'''

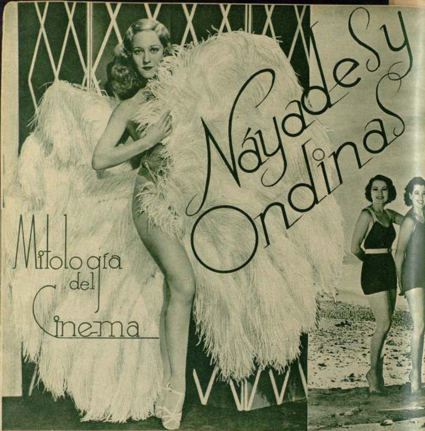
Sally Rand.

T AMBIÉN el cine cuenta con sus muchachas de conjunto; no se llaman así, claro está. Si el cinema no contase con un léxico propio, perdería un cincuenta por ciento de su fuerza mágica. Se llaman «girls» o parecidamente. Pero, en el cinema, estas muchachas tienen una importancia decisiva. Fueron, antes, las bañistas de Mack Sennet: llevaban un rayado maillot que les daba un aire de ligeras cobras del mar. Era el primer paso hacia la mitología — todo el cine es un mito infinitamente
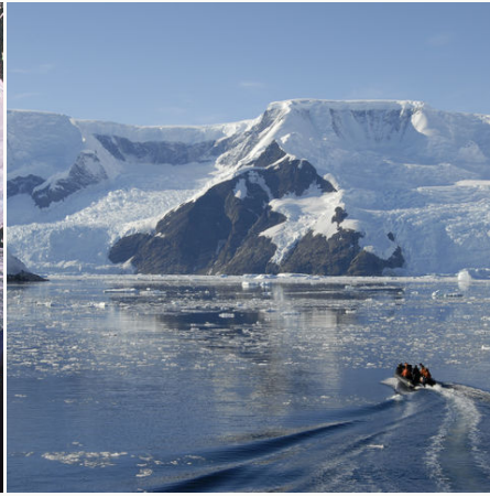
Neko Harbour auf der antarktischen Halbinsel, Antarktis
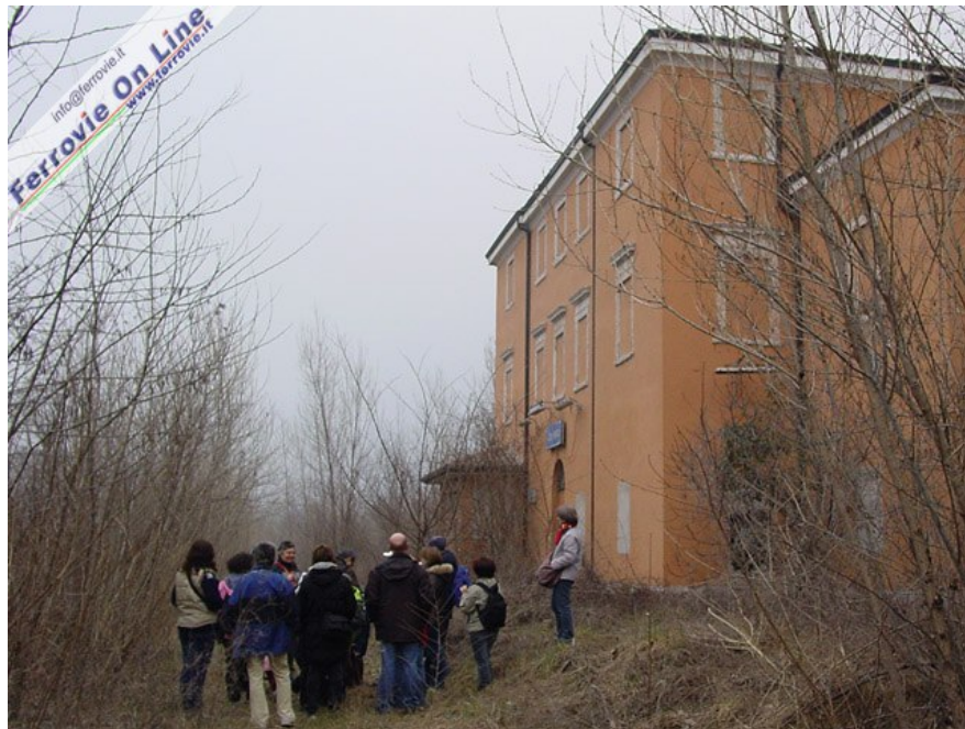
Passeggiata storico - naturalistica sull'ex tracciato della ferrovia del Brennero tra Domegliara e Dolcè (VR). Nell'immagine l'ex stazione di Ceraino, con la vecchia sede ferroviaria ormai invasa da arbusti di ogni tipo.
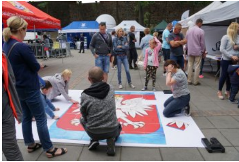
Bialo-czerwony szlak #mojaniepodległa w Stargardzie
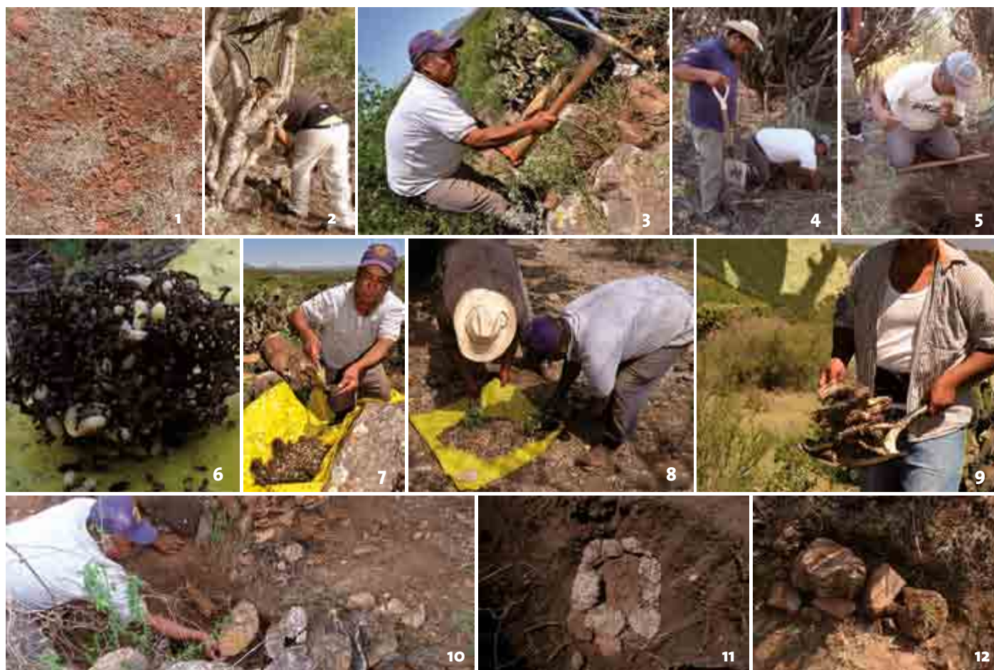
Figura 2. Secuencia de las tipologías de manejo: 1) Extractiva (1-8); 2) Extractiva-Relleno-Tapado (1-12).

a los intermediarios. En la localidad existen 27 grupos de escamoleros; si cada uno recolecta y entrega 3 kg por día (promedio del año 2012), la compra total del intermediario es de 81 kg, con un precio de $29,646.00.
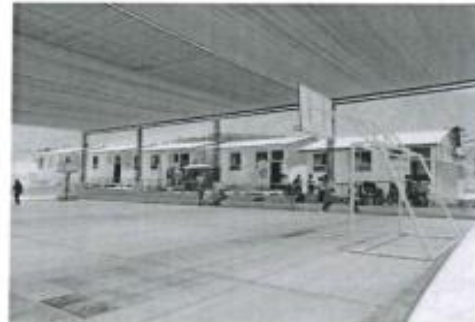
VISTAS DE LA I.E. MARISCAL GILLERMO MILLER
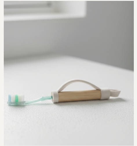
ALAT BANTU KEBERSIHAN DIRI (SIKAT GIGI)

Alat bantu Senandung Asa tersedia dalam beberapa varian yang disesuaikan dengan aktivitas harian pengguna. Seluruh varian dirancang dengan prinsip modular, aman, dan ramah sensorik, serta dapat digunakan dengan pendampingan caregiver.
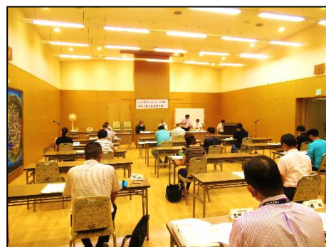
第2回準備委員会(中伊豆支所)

'''

→ TASK TO CARRY OUT: Could you write all the entries out again exactly, but without their pictures?

→ RESULT BELOW:
Sally Rand.

T AMBIÉN el cine cuenta con sus muchachas de conjunto; no se llaman así, claro está. Si el cinema no contase con un léxico propio, perdería un cincuenta por ciento de su fuerza mágica. Se llaman «girls» o parecidamente. Pero, en el cinema, estas muchachas tienen una importancia decisiva. Fueron, antes, las bañistas de Mack Sennet: llevaban un rayado maillot que les daba un aire de ligeras cobras del mar. Era el primer paso hacia la mitología — todo el cine es un mito infinitamente
Neko Harbour auf der antarktischen Halbinsel, Antarktis
Passeggiata storico - naturalistica sull'ex tracciato della ferrovia del Brennero tra Domegliara e Dolcè (VR). Nell'immagine l'ex stazione di Ceraino, con la vecchia sede ferroviaria ormai invasa da arbusti di ogni tipo.
Bialo-czerwony szlak #mojaniepodległa w Stargardzie
Figura 2. Secuencia de las tipologías de manejo: 1) Extractiva (1-8); 2) Extractiva-Relleno-Tapado (1-12).

a los intermediarios. En la localidad existen 27 grupos de escamoleros; si cada uno recolecta y entrega 3 kg por día (promedio del año 2012), la compra total del intermediario es de 81 kg, con un precio de $29,646.00.
VISTAS DE LA I.E. MARISCAL GILLERMO MILLER
ALAT BANTU KEBERSIHAN DIRI (SIKAT GIGI)

Alat bantu Senandung Asa tersedia dalam beberapa varian yang disesuaikan dengan aktivitas harian pengguna. Seluruh varian dirancang dengan prinsip modular, aman, dan ramah sensorik, serta dapat digunakan dengan pendampingan caregiver.
第2回準備委員会(中伊豆支所)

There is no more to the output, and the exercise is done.